(Work item) Using the records below, copy exactly the part that opens with the line holding "Para el segundo" and closes with the line holding "Conjunto confeccionando em", minus the pictures.
——————————
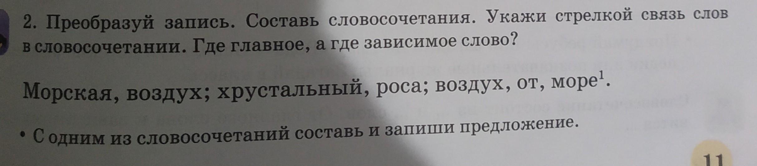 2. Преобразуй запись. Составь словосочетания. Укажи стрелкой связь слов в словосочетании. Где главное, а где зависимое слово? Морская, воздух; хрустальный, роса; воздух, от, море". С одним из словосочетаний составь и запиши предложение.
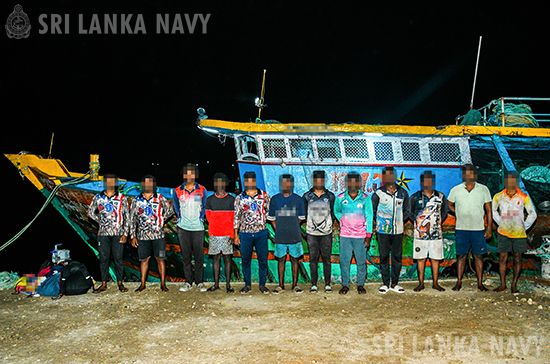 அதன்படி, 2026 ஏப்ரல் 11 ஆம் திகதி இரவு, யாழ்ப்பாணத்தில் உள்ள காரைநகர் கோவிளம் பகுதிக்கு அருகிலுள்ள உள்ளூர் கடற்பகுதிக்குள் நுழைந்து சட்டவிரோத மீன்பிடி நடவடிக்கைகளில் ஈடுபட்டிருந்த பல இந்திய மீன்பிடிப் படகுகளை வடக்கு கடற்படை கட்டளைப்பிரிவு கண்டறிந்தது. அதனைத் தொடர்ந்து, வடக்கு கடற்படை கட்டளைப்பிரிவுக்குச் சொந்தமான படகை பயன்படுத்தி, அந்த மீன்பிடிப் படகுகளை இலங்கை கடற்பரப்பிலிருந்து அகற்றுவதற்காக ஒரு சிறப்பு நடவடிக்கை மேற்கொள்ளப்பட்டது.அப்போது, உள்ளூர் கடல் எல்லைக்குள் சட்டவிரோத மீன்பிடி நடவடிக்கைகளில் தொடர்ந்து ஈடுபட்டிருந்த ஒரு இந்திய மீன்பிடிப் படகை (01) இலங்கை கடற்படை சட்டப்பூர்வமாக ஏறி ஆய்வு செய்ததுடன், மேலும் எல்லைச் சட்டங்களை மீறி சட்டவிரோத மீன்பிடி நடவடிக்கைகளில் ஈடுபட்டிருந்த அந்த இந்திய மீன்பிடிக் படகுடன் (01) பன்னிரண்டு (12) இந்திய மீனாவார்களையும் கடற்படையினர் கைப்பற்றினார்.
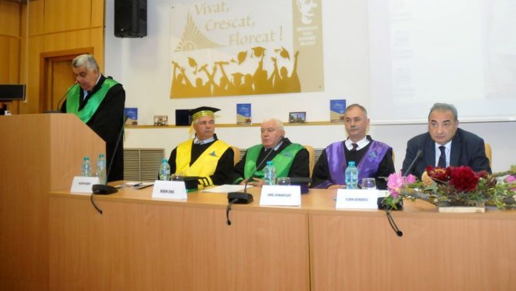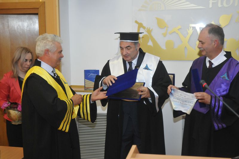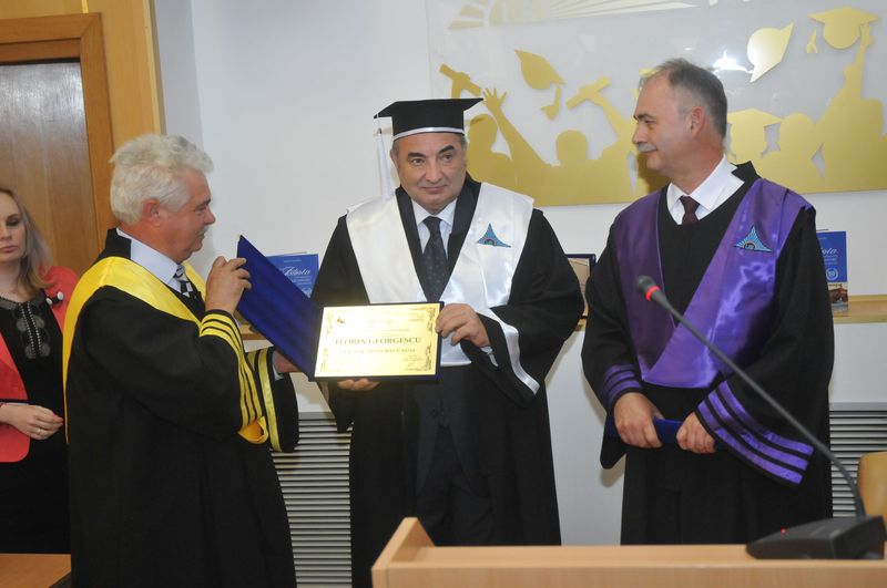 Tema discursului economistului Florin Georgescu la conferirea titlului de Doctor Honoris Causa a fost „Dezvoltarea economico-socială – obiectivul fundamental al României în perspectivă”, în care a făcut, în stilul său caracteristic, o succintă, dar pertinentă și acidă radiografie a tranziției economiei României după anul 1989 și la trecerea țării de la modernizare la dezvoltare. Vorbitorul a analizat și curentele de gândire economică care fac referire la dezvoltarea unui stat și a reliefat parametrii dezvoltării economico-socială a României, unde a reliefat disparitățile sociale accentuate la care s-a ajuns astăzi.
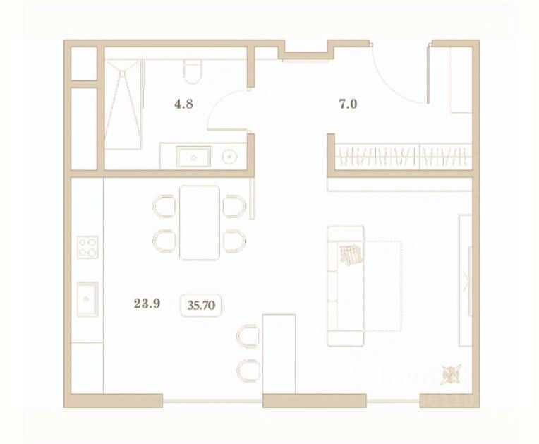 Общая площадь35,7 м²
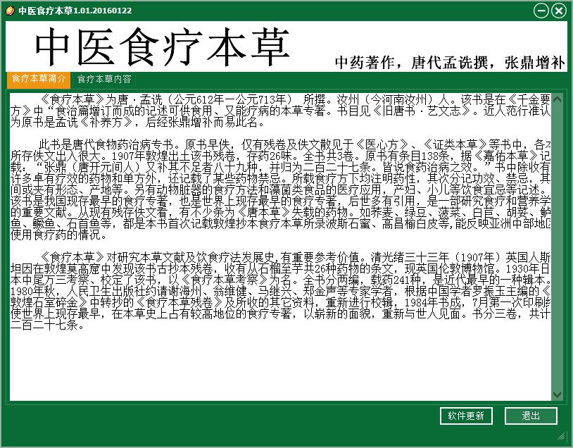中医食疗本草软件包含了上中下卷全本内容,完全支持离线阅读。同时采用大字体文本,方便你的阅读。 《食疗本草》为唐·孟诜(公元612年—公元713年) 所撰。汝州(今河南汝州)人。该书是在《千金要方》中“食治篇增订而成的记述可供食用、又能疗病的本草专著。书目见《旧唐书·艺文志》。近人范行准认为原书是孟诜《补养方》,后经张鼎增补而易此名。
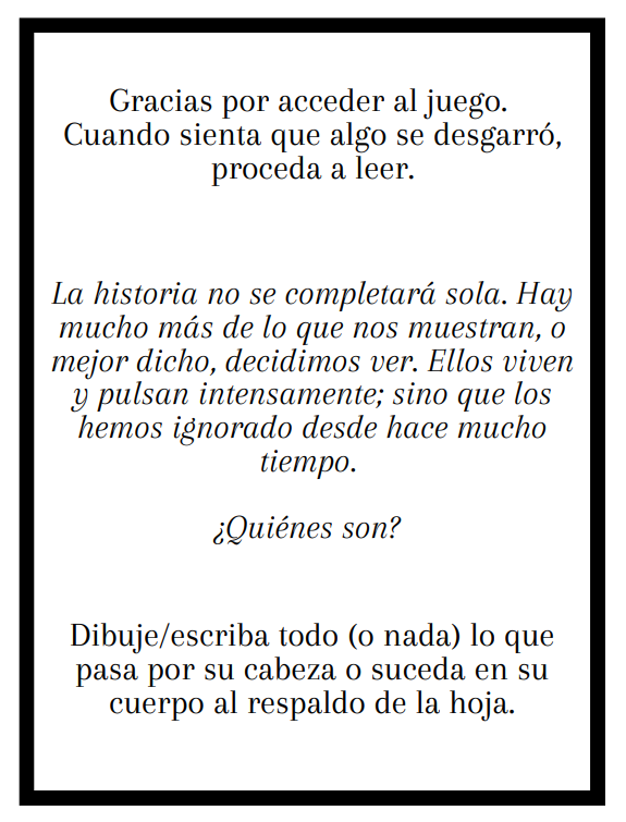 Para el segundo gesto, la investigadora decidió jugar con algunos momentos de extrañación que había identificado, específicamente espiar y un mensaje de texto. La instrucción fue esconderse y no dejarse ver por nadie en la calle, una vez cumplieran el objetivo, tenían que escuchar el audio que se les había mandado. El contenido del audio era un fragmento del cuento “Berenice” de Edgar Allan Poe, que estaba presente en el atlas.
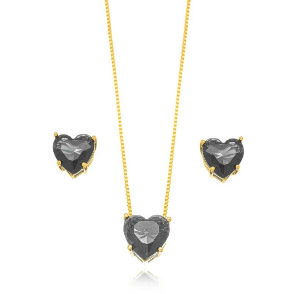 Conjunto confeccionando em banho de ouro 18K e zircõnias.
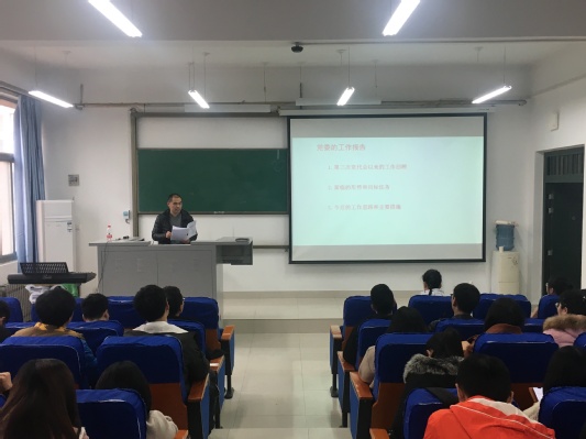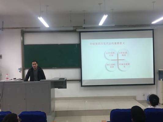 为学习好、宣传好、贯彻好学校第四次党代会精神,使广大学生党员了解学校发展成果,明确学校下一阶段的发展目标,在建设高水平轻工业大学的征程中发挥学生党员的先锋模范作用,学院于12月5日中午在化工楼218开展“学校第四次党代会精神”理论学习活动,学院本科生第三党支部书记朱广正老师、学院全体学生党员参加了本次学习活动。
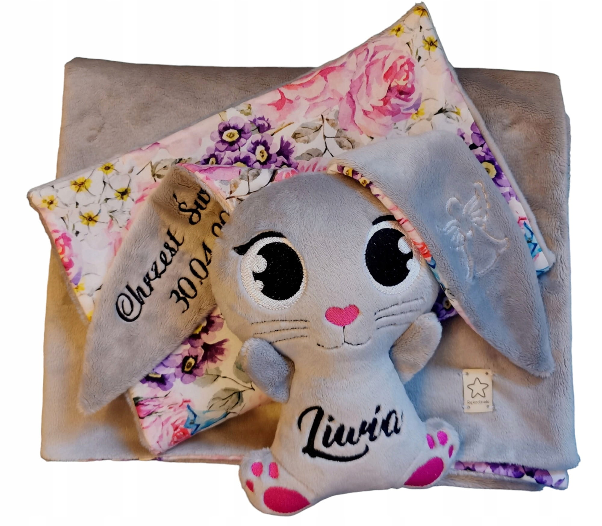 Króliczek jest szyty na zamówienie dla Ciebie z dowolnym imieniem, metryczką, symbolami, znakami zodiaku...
——————————
(Answer to the exercise)
 Para el segundo gesto, la investigadora decidió jugar con algunos momentos de extrañación que había identificado, específicamente espiar y un mensaje de texto. La instrucción fue esconderse y no dejarse ver por nadie en la calle, una vez cumplieran el objetivo, tenían que escuchar el audio que se les había mandado. El contenido del audio era un fragmento del cuento “Berenice” de Edgar Allan Poe, que estaba presente en el atlas.
 Conjunto confeccionando em banho de ouro 18K e zircõnias.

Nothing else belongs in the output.